濁った思考は何も生まず、ただただそこに漂うだけだった。

虚空を見つめる目はなにも写さず、何も感じない。

彼はぴくりともせず白い大地で膝を抱えていた。

太陽も月もない世界は、どのくらいの時が経ったのかも示さなかった。




☆ ☆ ☆ ☆ ☆ ☆ ☆ ☆ ☆ ☆ ☆




膝を抱えて微動だにしなかった瞳に、ふと、赤いものが映った。

うつろな目でそちらを見ると、大きな紅葉の葉が2枚。

いつの間にこんなものが……?

一瞬、そうは思ったもののただそれだけだった。

未だ彼は動かない。




☆ ☆ ☆ ☆ ☆ ☆ ☆ ☆ ☆ ☆ ☆




ずりっ、ずりっ、と何かを引きずる音が聞こえる。

音のする方を見ると、引きずられている真っ赤な紅葉。

その葉っぱよりも小さいだろう妖精さんがどこからとってきたのか薬草を引きずってきたのだ。


ずりっ、ずりっと少し引きずっては休み、また少しずつこちらへと引きずってくる。

やがてこちらへとたどり着くと、二枚の薬草が重なる上によいしょっとばかりに持ってきたのを乗っけて、一仕事したとでもいうようにその上をくるくると回る。

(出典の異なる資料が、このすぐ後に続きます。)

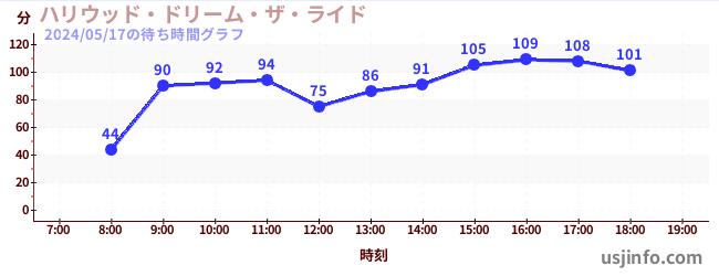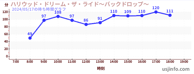 • ハリウッド・ドリーム・ザ・ライド〜バックドロップ〜$B$N(B2024年05月17日の待ち時間
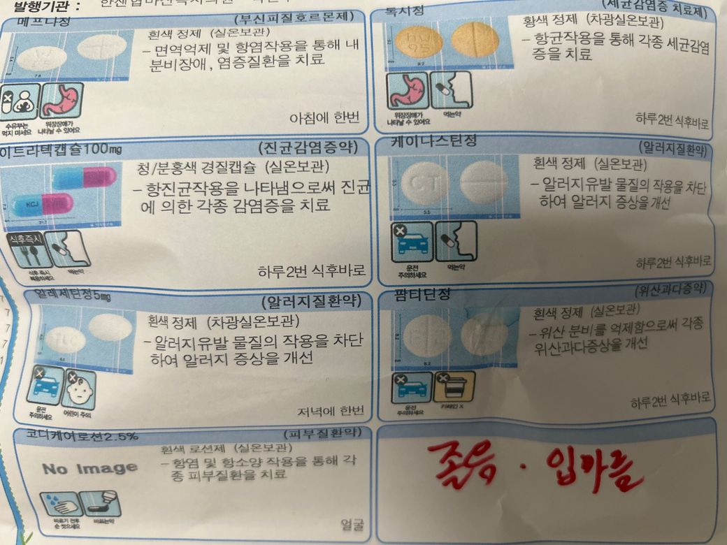 특히 위 항생제(독시정)은 여드름에 사용되는 약물로, 1주일 사용 가능하십니다.
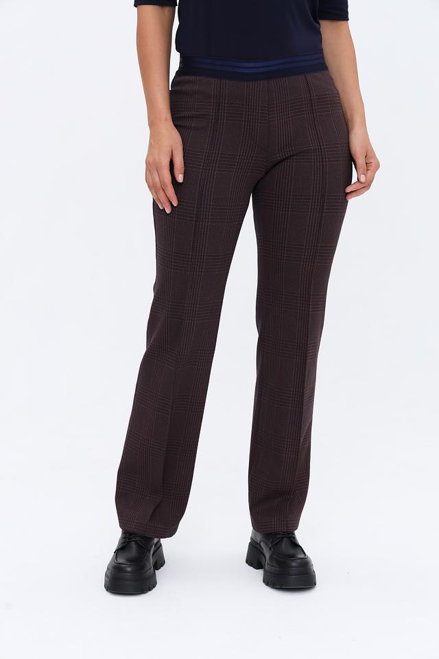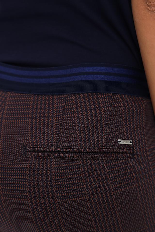 Представляем стильные брюки от бренда Gardeur. Эта модель выполнена в коричневом цвете и украшена классическим клетчатым принтом, который придает образу изысканность.
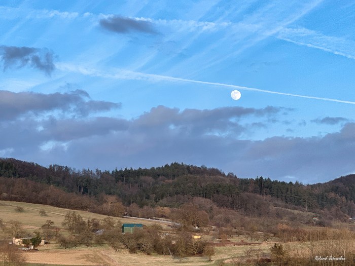 Kaum hatte ich das freie Feld vor mir, kam das aha Erlebnis. Auf der einen Seite der aufgehende Mond und auf der anderen Seite die untergehende Sonne. Diese Anblicke musste ich einfach genießen und bin doch, trotz Sturm meine gesamte Runde gelaufen. Es war einfach herrlich Sonne und Mond zu bestaunen.

そうしてから、俺の顔に近づいてきて、小さな光の中からもっと小さい手が出てきて、いたわるようにそっと顔に触れた。


小枝と間違えてしまいそうなほど細く小さな手。

だけど、その小さな手は確かな体温を持っていた。


誰かに触れられるのはいつぶりだろうか。

元の世界でもしばらく誰かに触れていない気がする。


そっと触れられた手の触感が俺がここにいることを証明してくれている。

それはじんわりと心地よく体中に染み渡ってくる。


あぁ、そうか。


君は心配してくれたのか。


だから俺が何度も食べていた薬草を重いだろうに持ってきてくれたんだな。

何度も何度も引きずって、大変な思いをして。

今だってこうやって気遣ってくれている。

なによりもその気持ちが、今、素直に温かいと思える。


正直、未だ先が見えない不安はある。

突発的なバグだったのかもしれないが、こんなことが何回もあるのかもしれないし、実際に自分が消滅するような事にもなるかもしれない。

イレギュラーとういなら、そもそも俺の存在自体がイレギュラーだ。


だけど、これまで進んできた事は無駄だった訳ではない。

今、こうして君と触れ合えるのも、ここまで進んできたおかげなのだから。

元の世界に戻れる保証などどこにもないが、それでも前に進むしかない。


今の俺には ”打倒魔王!” などと思いっきり叫ぶほどの気力はない。

プログラミングをする際には、まず細かい段階に分けてから少しずつクリアしていく。

その理念にのっとって、まずは妖精さんリオの全身が出来上がるまでがんばろう。

さっき、手ができていたということは、手のほうからだんだんと姿ができてくるのだと思う。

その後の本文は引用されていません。